Nel XVIII secolo si riaccese in tutta Europa l’interesse per la riscoperta della cultura e dell’arte classica, greco-romana. L’Italia divenne, ovviamente, la meta più ambita per qualunque letterato o studioso che volesse immergersi nella contemplazione e nello studio dei resti di quelle antiche culture. Il viaggio attraverso la nostra penisola divenne un passo obbligatorio per definirsi “uomo di cultura”.
Johann Wolfgang von Goethe, il più importante scrittore e drammaturgo tedesco del tempo, compì questo rito di passaggio alla soglia dei suoi 38 anni, nel 1786, e annotò tutte le esperienze e le sensazioni, provate nei due anni di permanenza, nel suo “Viaggio in Italia“.

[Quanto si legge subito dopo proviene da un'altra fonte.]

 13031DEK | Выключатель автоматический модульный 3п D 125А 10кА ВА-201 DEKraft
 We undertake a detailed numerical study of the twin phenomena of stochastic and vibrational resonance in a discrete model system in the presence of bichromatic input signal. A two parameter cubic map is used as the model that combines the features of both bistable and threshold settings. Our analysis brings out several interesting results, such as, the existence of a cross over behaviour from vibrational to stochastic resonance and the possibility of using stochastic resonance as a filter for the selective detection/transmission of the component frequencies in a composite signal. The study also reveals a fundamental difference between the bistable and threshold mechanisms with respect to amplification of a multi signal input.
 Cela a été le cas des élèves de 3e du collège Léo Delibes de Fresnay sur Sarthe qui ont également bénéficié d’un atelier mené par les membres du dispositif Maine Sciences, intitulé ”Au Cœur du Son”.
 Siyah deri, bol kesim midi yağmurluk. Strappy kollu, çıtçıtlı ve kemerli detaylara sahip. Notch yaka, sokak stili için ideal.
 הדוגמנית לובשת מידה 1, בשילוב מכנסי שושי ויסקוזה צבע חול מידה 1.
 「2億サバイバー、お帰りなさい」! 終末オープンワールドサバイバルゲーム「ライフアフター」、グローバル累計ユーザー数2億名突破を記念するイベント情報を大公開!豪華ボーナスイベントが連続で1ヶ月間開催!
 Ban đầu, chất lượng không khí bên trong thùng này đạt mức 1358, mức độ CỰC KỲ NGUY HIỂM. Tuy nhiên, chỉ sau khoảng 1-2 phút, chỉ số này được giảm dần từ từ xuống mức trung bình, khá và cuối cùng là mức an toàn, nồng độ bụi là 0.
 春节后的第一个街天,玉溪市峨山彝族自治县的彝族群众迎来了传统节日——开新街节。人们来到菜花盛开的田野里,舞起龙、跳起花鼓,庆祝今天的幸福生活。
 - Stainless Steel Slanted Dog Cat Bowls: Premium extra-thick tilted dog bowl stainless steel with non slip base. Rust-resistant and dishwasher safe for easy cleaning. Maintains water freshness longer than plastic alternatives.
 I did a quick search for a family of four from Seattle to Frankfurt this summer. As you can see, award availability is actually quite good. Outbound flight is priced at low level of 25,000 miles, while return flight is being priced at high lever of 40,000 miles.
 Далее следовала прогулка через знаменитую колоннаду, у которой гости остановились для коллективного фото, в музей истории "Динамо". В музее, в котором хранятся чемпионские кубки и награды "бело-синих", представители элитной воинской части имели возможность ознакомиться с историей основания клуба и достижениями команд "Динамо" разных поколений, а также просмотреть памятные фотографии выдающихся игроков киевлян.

Il percorso, da Nord a Sud della penisola, lo portò a risiedere per molto tempo nelle città più importanti: a Roma, dove sostò mesi, possiamo ancora trovare l’abitazione in cui viveva nei pressi di via Condotti.
Eppure, i pochi mesi che trascorse fra le bellezze e i piaceri di Napoli, portarono il letterato a scrivere che rispetto a Napoli “la capitale del mondo nella bassura del Tevere appare come un vecchio convento in posizione sfavorevole.” Oppure, in un altro passaggio:“Se a Roma si studia volentieri, qui si desidera soltanto vivere. Ci si scorda di noi e del mondo.”
Goethe arrivò a Napoli nel Febbraio del 1787 e soggiornò presso Palazzo Filangieri d’Arianello, dove oggi si può ammirare una targa in suo onore, e Palazzo Sessa, che dal 2012 ospita il Goethe Istitut. Fu qui che provò le sensazioni più forti di tutto il viaggio: qui conobbe lo sfarzo artistico ed economico di una città ricca e florida, qui imparò l’importanza di una vita “senz’affanni” e senza troppe preoccupazioni, comprese l’importanza delle tradizioni e delle festività di un popolo sempre pronto a festeggiare e a riempire le strade di musica e processioni.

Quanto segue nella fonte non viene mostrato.